No words necessary

Instrumental metalheads Karma to Burn return to RockStar

By Gary Spencer

Photo: All-instrumental metal trio Karma to Burn will perform July 24 at RockStar Pro Arena; photo: Karma to Burn

As much as things change, some things never go out of style. Like a solid, catchy, heavy guitar riff. Or a thundering bass line. Or powerful, driving drums. In other words, a lot like West Virginia instrumental metal trio Karma to Burn.

And Karma to Burn’s style sounds just as fresh and dominating in 2015 as it did when the band was first put together in 1993. Despite a revolving door of band members, Karma to Burn’s guitarist and founding member William Mecum keeps a lackadaisical attitude about the band’s beginnings to where they are now.

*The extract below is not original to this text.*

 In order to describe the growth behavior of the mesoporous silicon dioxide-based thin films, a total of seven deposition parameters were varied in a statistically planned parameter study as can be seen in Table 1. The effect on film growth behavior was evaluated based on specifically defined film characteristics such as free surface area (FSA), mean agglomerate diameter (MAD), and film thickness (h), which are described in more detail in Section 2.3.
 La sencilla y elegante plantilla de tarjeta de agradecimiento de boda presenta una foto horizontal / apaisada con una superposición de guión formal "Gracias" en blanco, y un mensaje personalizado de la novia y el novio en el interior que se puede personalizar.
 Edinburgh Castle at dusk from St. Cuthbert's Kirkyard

“How does anything get started?” Mecum asks rhetorically, “We just wanted to do it. I started the band with a clear idea of what we were going to be. [And] we got to where we are today with lots of Jagermeister, roofies and slight prison sex.”

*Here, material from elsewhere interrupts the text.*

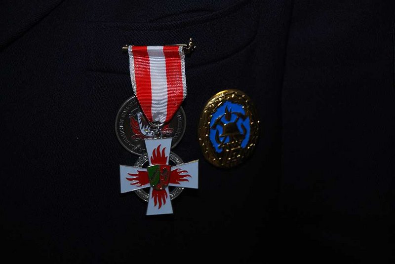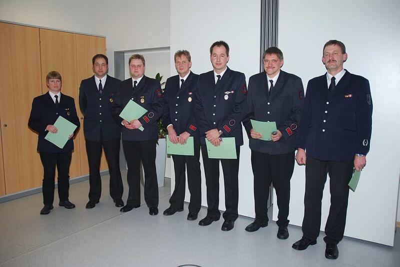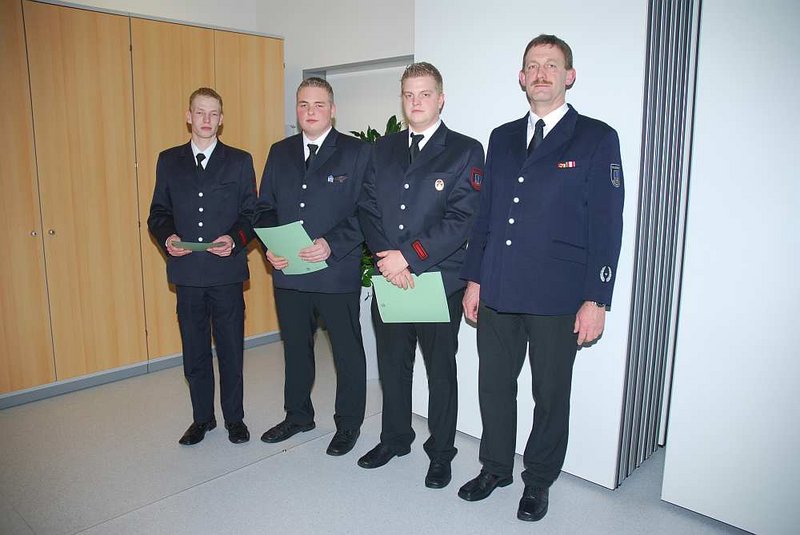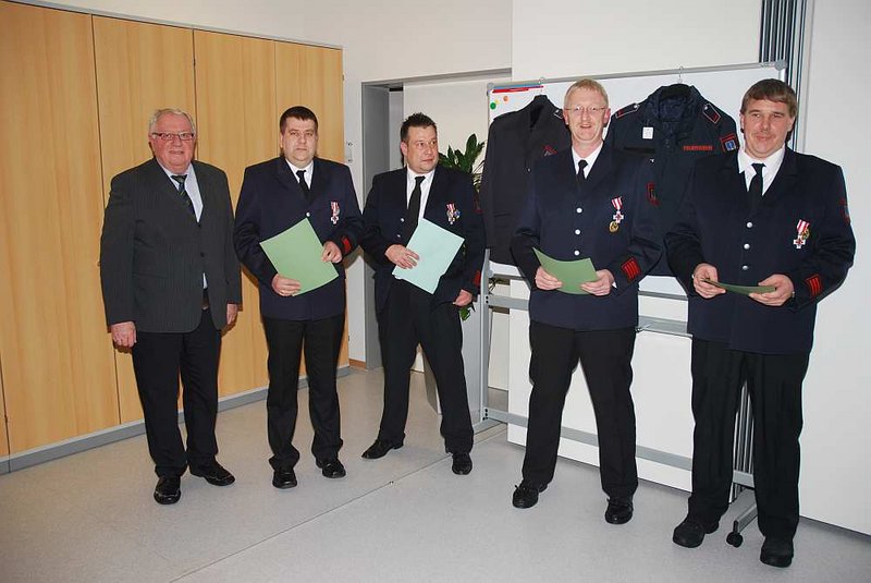 Das Feuerwehrehrenzeichen in Silber, für 25-jährige Tätigkeit im Feuerwehrdienst, erhielten die Kameraden Jürgen Leißing, Thomas Dierkes, Reinhard Klostermeier und Markus Stegemann.

Well, the band’s history is a little more complex than that. In the mid-1990s, Karma to Burn started in earnest, touring the independent U.S. music circuit (including a stop in Dayton, Ohio in 1995) and trying to make a name for the band with the hard hitting, no-B.S. live performances.

The trio with absolutely no vocals in their repertoire eventually landed a contract with high-powered metal/rock label Roadrunner Records, but the company pressured the band to get a vocalist. After a brief trial run with Kyuss vocalist John Garcia, they settled on band friend Jay Jarosz to take over vocal duties and went into the studio to record their self-titled debut, which was released in 1997. When the album failed to ignite the charts, the band fired the vocalist and set about pursuing their original vision of the band—a heavy-as-lead power trio with monstrous riffs of muscle and no vocals needed, just the way Mecum always intended.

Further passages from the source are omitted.